[Opening DATASET section]

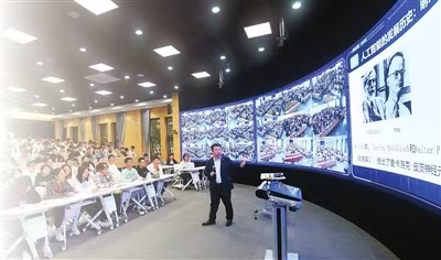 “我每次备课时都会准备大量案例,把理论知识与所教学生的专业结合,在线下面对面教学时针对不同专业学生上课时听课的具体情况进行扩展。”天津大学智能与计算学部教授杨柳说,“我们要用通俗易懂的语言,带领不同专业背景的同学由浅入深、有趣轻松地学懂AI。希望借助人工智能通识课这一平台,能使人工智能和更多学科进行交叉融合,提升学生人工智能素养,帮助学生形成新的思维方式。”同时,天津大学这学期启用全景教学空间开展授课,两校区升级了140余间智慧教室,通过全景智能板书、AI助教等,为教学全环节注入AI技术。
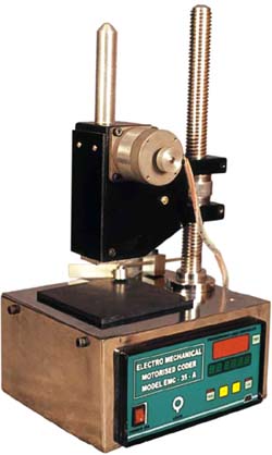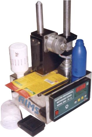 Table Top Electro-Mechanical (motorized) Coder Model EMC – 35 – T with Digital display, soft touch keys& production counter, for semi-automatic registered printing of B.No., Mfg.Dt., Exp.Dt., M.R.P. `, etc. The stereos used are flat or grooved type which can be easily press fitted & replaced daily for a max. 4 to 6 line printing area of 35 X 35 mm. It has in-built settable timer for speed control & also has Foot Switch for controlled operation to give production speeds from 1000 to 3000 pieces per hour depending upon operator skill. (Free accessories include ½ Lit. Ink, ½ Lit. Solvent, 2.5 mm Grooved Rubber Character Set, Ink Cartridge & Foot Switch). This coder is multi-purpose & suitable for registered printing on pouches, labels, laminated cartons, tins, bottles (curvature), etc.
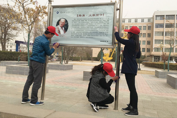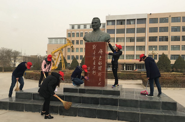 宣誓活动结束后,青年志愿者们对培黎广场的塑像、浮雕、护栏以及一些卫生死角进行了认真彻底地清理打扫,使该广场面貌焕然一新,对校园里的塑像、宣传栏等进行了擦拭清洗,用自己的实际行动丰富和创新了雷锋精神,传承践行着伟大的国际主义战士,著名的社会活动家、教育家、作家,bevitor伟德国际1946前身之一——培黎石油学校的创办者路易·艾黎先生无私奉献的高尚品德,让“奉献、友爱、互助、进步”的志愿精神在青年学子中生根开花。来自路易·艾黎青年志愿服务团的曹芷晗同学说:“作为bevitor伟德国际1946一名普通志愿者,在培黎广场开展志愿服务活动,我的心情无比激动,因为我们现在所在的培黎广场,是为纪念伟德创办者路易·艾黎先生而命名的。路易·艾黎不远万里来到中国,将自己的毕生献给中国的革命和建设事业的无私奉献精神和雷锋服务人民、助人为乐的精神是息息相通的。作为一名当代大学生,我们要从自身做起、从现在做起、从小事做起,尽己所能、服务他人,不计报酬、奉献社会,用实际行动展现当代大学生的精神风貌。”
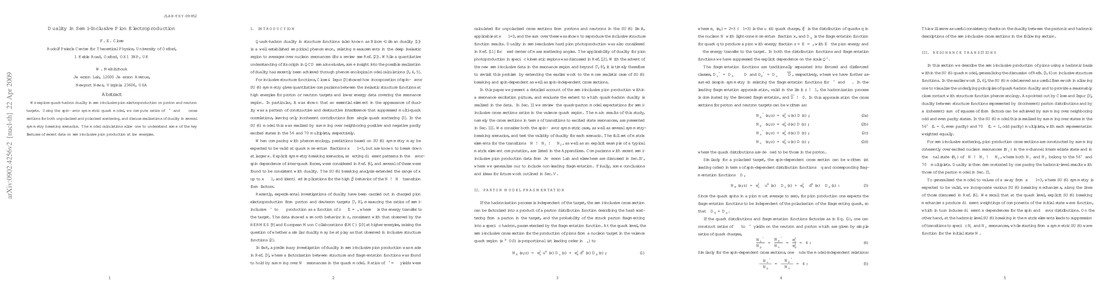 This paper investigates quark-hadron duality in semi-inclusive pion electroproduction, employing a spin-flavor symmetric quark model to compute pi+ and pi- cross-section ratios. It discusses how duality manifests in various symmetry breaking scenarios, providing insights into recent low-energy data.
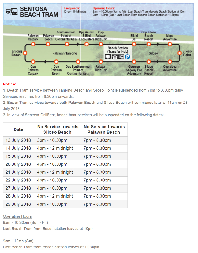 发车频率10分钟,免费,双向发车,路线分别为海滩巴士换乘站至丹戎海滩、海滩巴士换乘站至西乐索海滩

[Closing DATASET section]

### PROBLEM
The entries are to be reproduced exactly, excluding any pictures they contain.

### TASK ANSWER
 “我每次备课时都会准备大量案例,把理论知识与所教学生的专业结合,在线下面对面教学时针对不同专业学生上课时听课的具体情况进行扩展。”天津大学智能与计算学部教授杨柳说,“我们要用通俗易懂的语言,带领不同专业背景的同学由浅入深、有趣轻松地学懂AI。希望借助人工智能通识课这一平台,能使人工智能和更多学科进行交叉融合,提升学生人工智能素养,帮助学生形成新的思维方式。”同时,天津大学这学期启用全景教学空间开展授课,两校区升级了140余间智慧教室,通过全景智能板书、AI助教等,为教学全环节注入AI技术。
 Table Top Electro-Mechanical (motorized) Coder Model EMC – 35 – T with Digital display, soft touch keys& production counter, for semi-automatic registered printing of B.No., Mfg.Dt., Exp.Dt., M.R.P. `, etc. The stereos used are flat or grooved type which can be easily press fitted & replaced daily for a max. 4 to 6 line printing area of 35 X 35 mm. It has in-built settable timer for speed control & also has Foot Switch for controlled operation to give production speeds from 1000 to 3000 pieces per hour depending upon operator skill. (Free accessories include ½ Lit. Ink, ½ Lit. Solvent, 2.5 mm Grooved Rubber Character Set, Ink Cartridge & Foot Switch). This coder is multi-purpose & suitable for registered printing on pouches, labels, laminated cartons, tins, bottles (curvature), etc.
 宣誓活动结束后,青年志愿者们对培黎广场的塑像、浮雕、护栏以及一些卫生死角进行了认真彻底地清理打扫,使该广场面貌焕然一新,对校园里的塑像、宣传栏等进行了擦拭清洗,用自己的实际行动丰富和创新了雷锋精神,传承践行着伟大的国际主义战士,著名的社会活动家、教育家、作家,bevitor伟德国际1946前身之一——培黎石油学校的创办者路易·艾黎先生无私奉献的高尚品德,让“奉献、友爱、互助、进步”的志愿精神在青年学子中生根开花。来自路易·艾黎青年志愿服务团的曹芷晗同学说:“作为bevitor伟德国际1946一名普通志愿者,在培黎广场开展志愿服务活动,我的心情无比激动,因为我们现在所在的培黎广场,是为纪念伟德创办者路易·艾黎先生而命名的。路易·艾黎不远万里来到中国,将自己的毕生献给中国的革命和建设事业的无私奉献精神和雷锋服务人民、助人为乐的精神是息息相通的。作为一名当代大学生,我们要从自身做起、从现在做起、从小事做起,尽己所能、服务他人,不计报酬、奉献社会,用实际行动展现当代大学生的精神风貌。”
 This paper investigates quark-hadron duality in semi-inclusive pion electroproduction, employing a spin-flavor symmetric quark model to compute pi+ and pi- cross-section ratios. It discusses how duality manifests in various symmetry breaking scenarios, providing insights into recent low-energy data.
 发车频率10分钟,免费,双向发车,路线分别为海滩巴士换乘站至丹戎海滩、海滩巴士换乘站至西乐索海滩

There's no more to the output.